Creo atravesar el túnel del tiempo y retrotraerme a viejas épocas cuando me entero de que la corriente batasuna Aralar ha decidido convertirse en un partido político y probar suerte. La noticia es, por supuesto, positiva, porque todo lo que reste fuerzas a la barbarie y le plantee algún interrogante lo es, pero también es indicativa de lo poquito que se ha movido este país estos últimos veinticinco años. Y no puedo evitar mi impresión de que todo eso huele a viejo, a noticia que se repite cíclicamente con un ritual además casi idéntico. Escisiones de esa naturaleza las ha habido siempre en ese universo berroqueño, si bien es verdad que antes eran más frecuentes, y seguramente las seguirá habiendo. Forman parte de un paisaje político tan enquistado como el Amboto, y son una muestra de que este país es incapaz de superar situaciones que las sociedades de su entorno superaron como un mal sueño hace tiempo. Y es que este país huele a viejo.

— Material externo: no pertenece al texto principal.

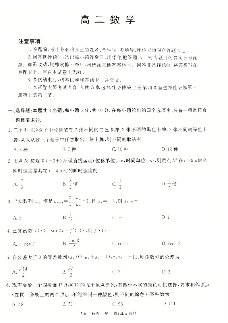 广东省佛山市H7联盟校2024-2025学年下学期5月高二月考数学+答案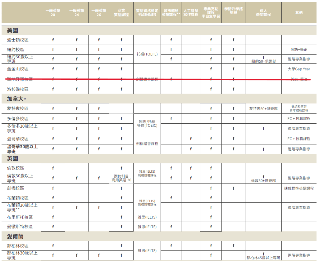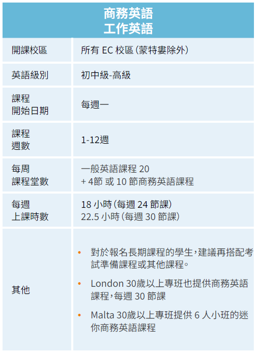 EC開設以下課程(因地區不同,開放課程略有不同)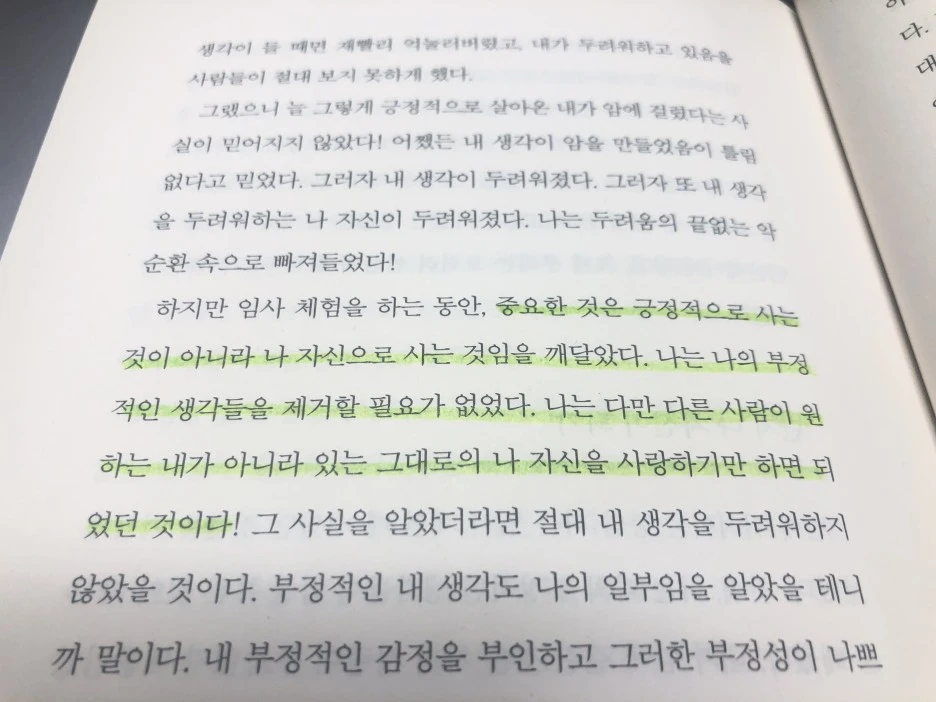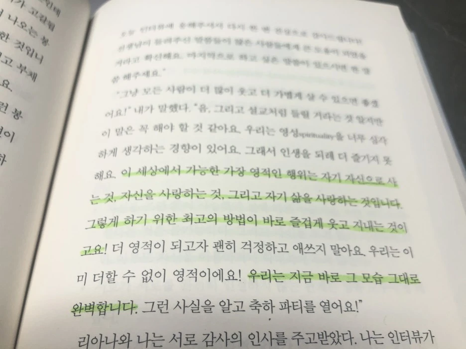 김새해 북튜버의 추천으로 읽고 있다. 임사체험을 한 본인의 독특한 경험을 바탕으로 세계적으로 저술과 강연 활동을 하는 작가이다. 긍정적으로 사는 것보다 더 중요한 것은 나 자신으로 사는 것이다, 우리의 존재 자체가 사랑이다, 나 자신을 있는 그대로 받아들이고 사랑하라 등등 정말 좋은 내용들이 많다.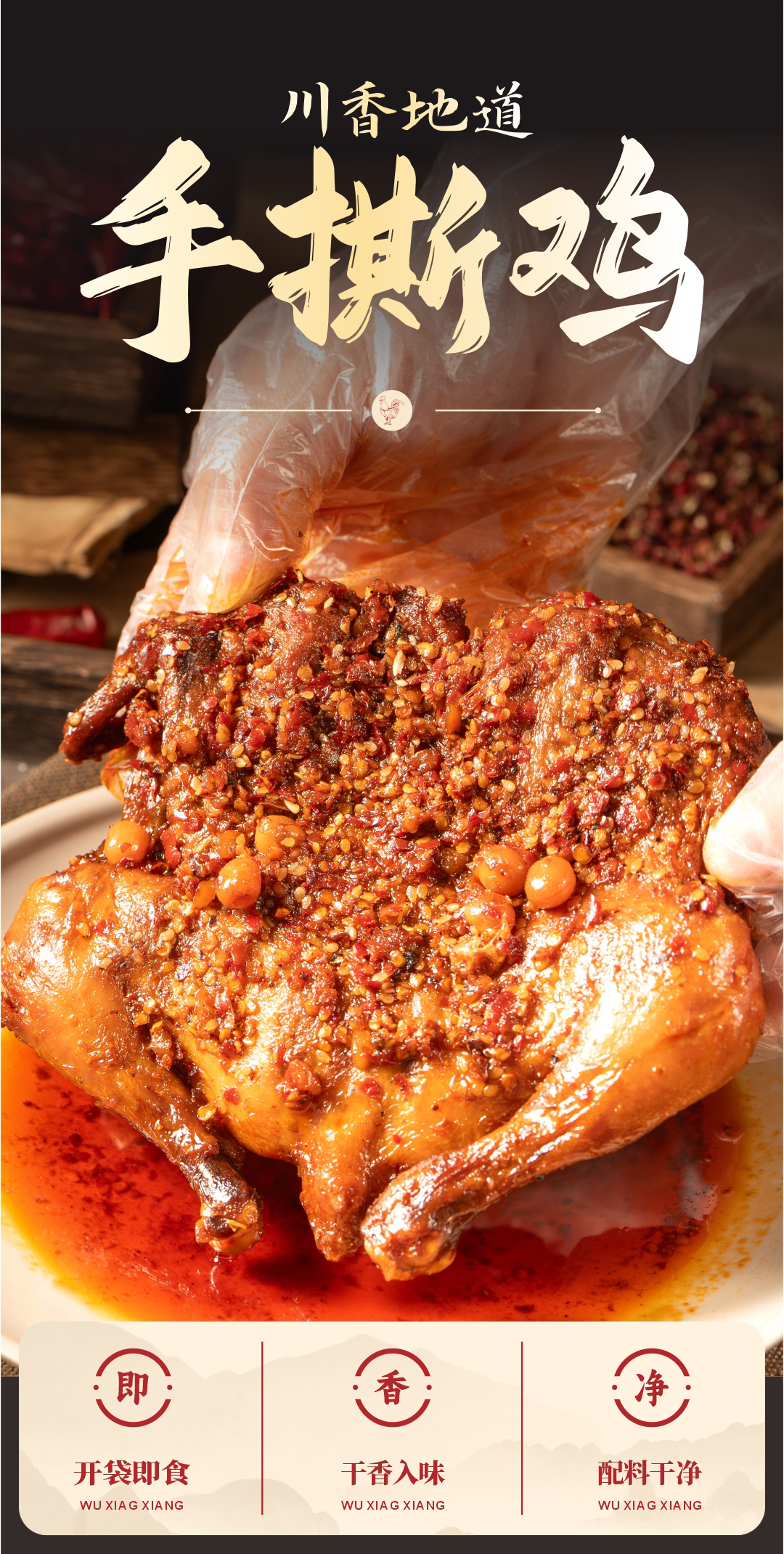 伍香香川味手撕鸡380g 肉嫩不柴 越吃越香 肉质紧实口感好 秘制老卤慢卤入味 过油锁住香味 真空包装锁鲜

Los de Aralar, por ejemplo, han entrado en el ruedo con el mismo afán redentor con que salieron de él. Aunque sea por criterios oportunistas o utilitaristas, nos parece estupendo que de pronto les duelan los muertos, pero después de haberse tragado más de ochocientos asesinatos con cara de palo, nos resulta inverosímil que puedan ser ellos los que vengan a salvarnos de esa barbarie. Sin embargo, ese parece ser el propósito y es así, o casi, como se presentan. ¿Se puede presumir por ello un giro radical en su actitud? No forzosamente, pues si antes se acomodaron en el territorio de la matanza fue para salvarnos, y es para salvarnos por lo que parecen retirarse ahora a campos menos dolorosos; y por salvar, pretenden salvar hasta al PSOE. Argüirán que algún respingo dieron cuando veían correr la sangre, pero el crimen era apenas un incómodo sobresalto que en nada anulaba la validez de los principios, y éstos consistían en salvarnos. Pecata minuta el crimen, que sólo sacudía algún escrúpulo, cuando nuestra salvación estaba en marcha. Y es también a nuestra salvación a la que invocan cuando alían ahora el escrúpulo a los principios y en nombre de la pureza de éstos se deciden a la nueva andadura.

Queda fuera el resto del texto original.